Lucius Fox (Morgan Freeman) can’t wait to get back in and help Batman again despite resigning at the end of the previous installment. Even Thomas Lennon (Night at the Museum, Reno 911!) joins the crew, albeit briefly, as a doctor relaying bad medical news to the dissipating Bruce Wayne concerning his condition. Look for another old Batman nemesis in a scene or two as well.
The superb acting and well-written script merge in this trilogy’s final chapter, creating a thrilling, suspenseful movie that remained engaging during its entire two hour and 40 minute duration. The plot’s timeline in The Dark Knight Rises greatly exceeds that of its predecessor. Yet, while the film’s content is ambitiously sprawling the plot is more linear. Bane makes his move, the mission is clear; go, Batman go!

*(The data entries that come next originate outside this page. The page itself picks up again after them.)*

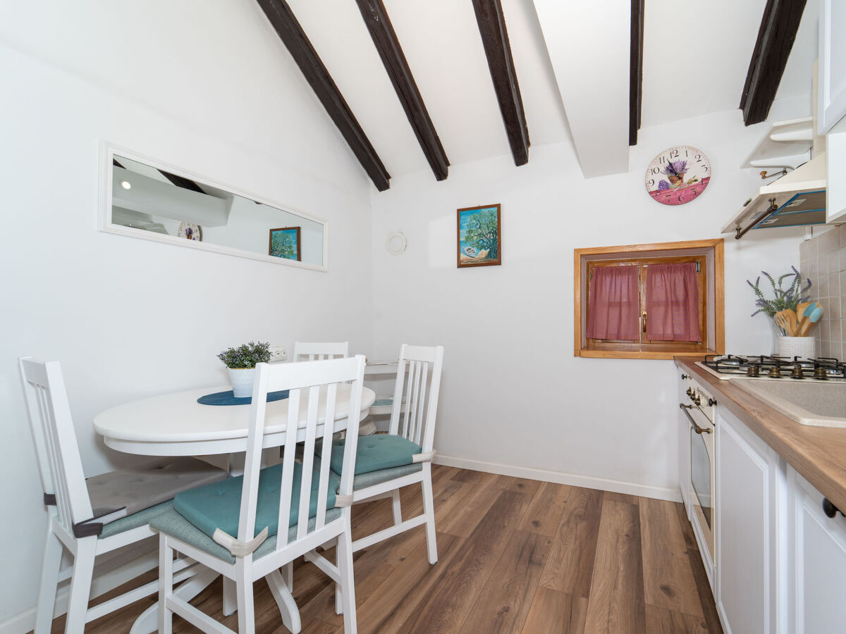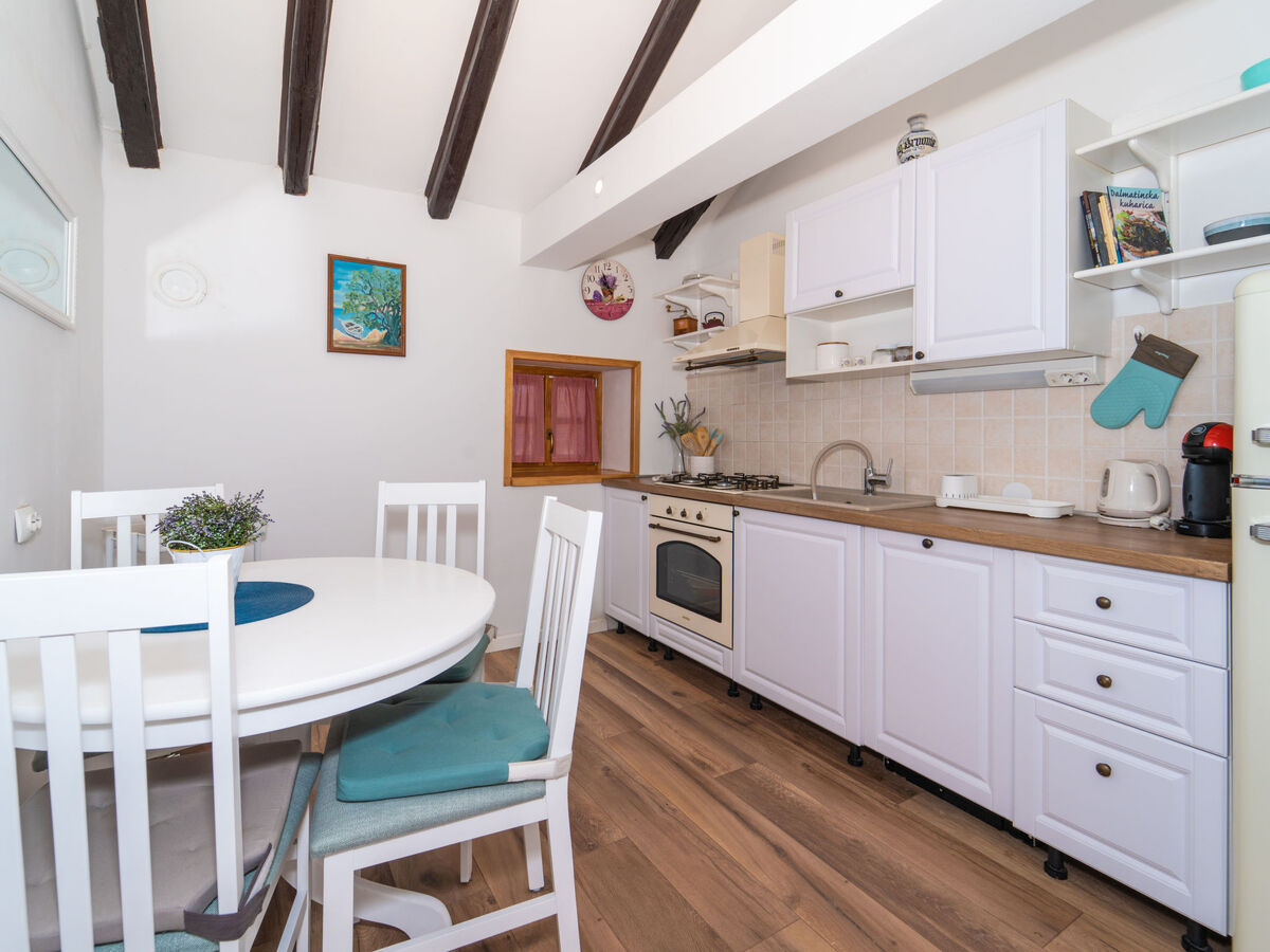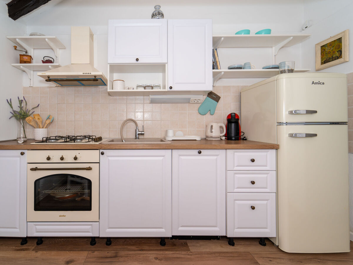 Cuisine ouverte (4 plaques de cuisson, four, lave-vaisselle, grille-pain, bouilloire électrique, micro-ondes, congélateur, cafetière électrique) avec table pour les repas.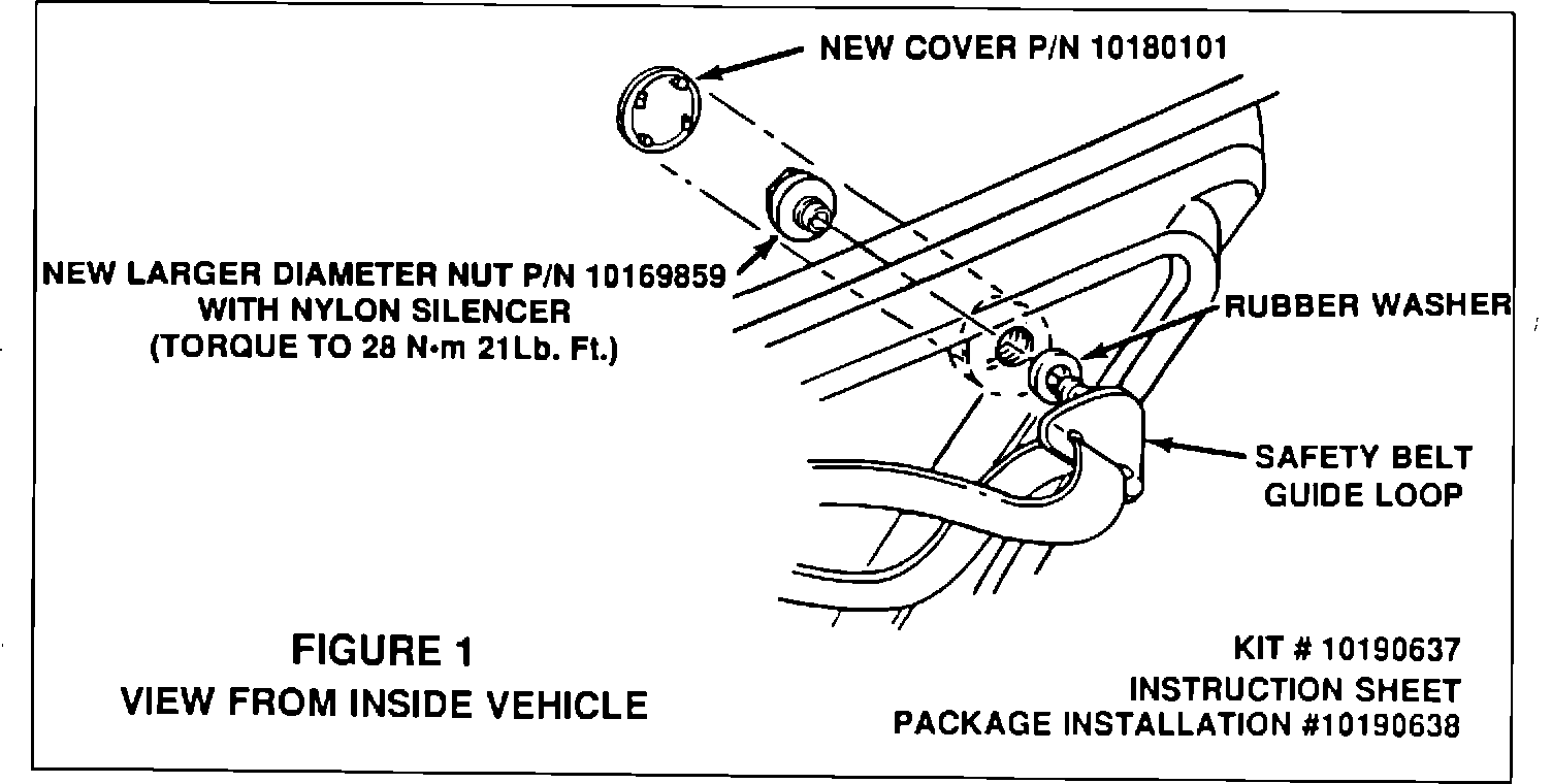 To correct this condition, dealers are to replace all front shoulder belt guide loop attachment nuts according to the instructions contained in this Product Campaign Bulletin.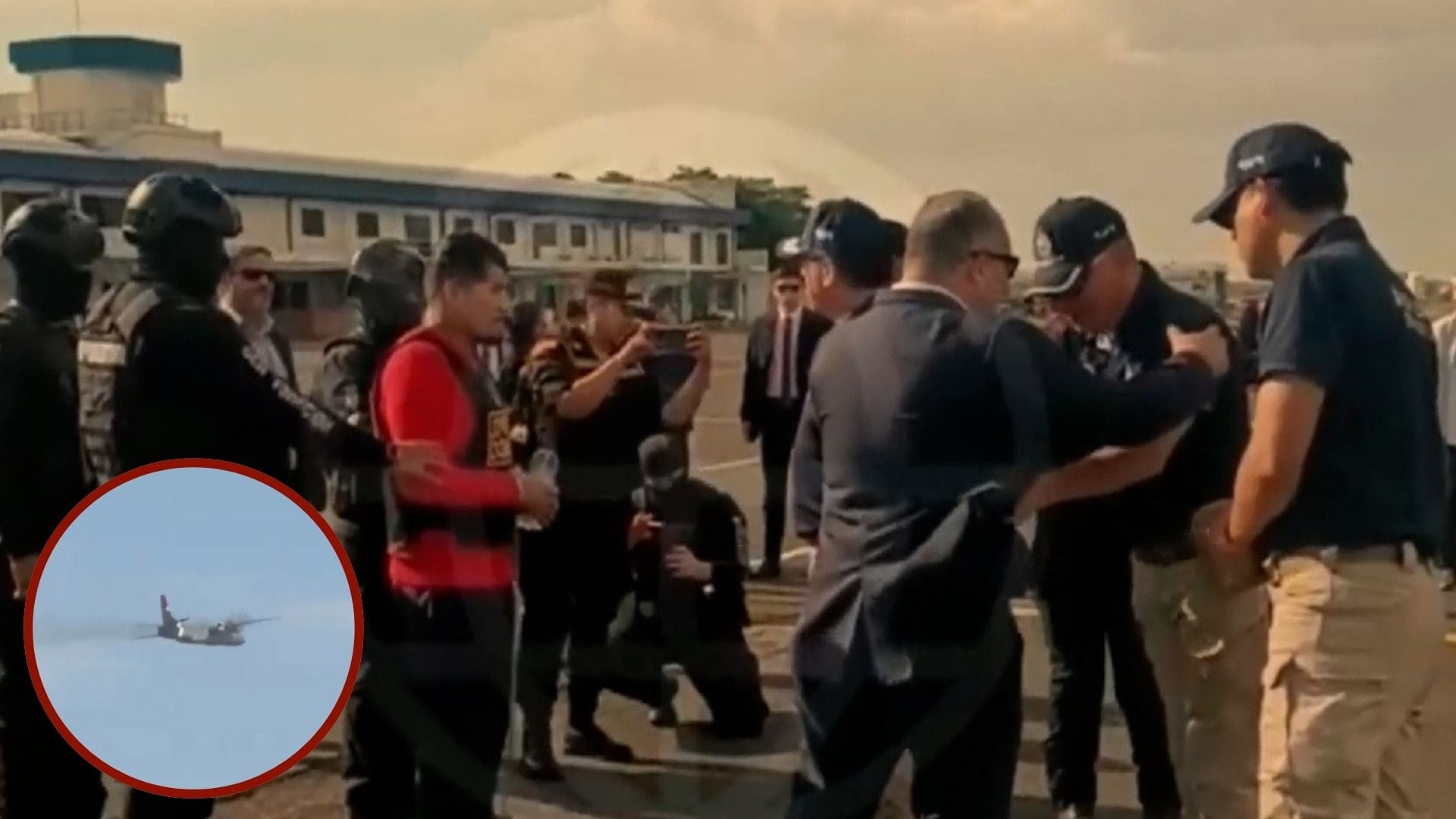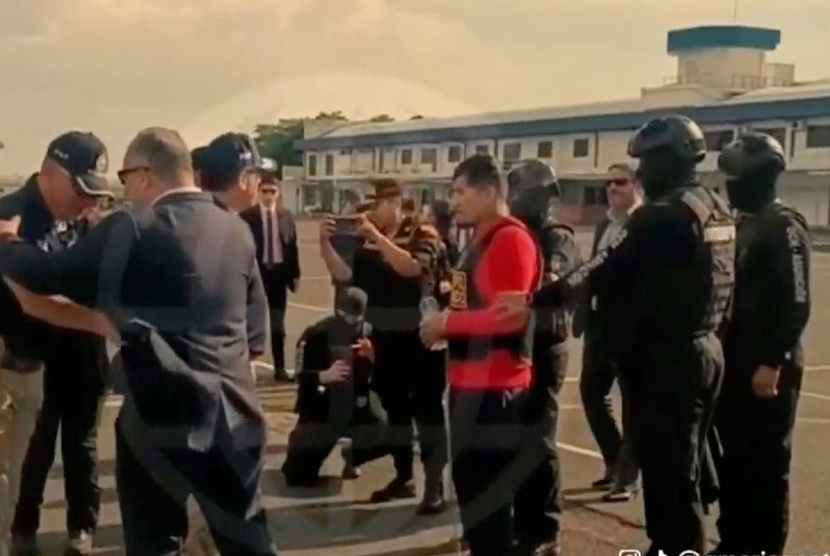 El ‘Monstruo’ llegó finalmente a la base aérea vestido con un uniforme rojo, con el cabello recortado y bajo una fuerte custodia. De inmediato, los agentes reforzaron su seguridad colocándole chaleco antibalas y casco táctico, con el objetivo de evitar cualquier tipo de atentado durante los minutos previos al embarque.

Inconsistencies and plot holes can be common in a movie this vast, and this is no exception to the rule. I won’t go into detail, but some are pretty obvious. Still, the length of the film is necessary for its ambitious proportions. Throughout, it contained all the elements we have come to expect out of a Batman movie today: the guttural Batman growl; overcoming personal demons; nightlong chase scenes; a final epic battle (reminiscent of Gangs of New York, ala tanks and machine guns); a gut-wrenching (literally) plot twist; and the vivid exemplification of the contrast between anarchy and order.
“I’m not even that into the whole Batman thing, but that movie was fantastic,” Jayla Lewis said after the show. “Of course there’s going to be a fourth one!” Ben Hovne felt differently. “The ending was very fitting, it doesn’t need anything more,” he said.
Based on the final scenes, I can’t figure out if director Christopher Nolan was purposely messing with us, since he declared he was done with the series after the third one, or if he was setting it up for someone else to fill his spacious shoes and continue the legacy. Either way, while the movie did a fabulous job tying up all the loose ends, the last two scenes offer plenty of opportunity for another Batman, or maybe even another series. And, let’s face it: if they continue producing Batman motion pictures of this caliber, we’re going to continue watching them. Heck, I’m probably going to watch this one again, and soon.
Author, Matt Hackney, is a talented young freelance writer who resides in Oakland.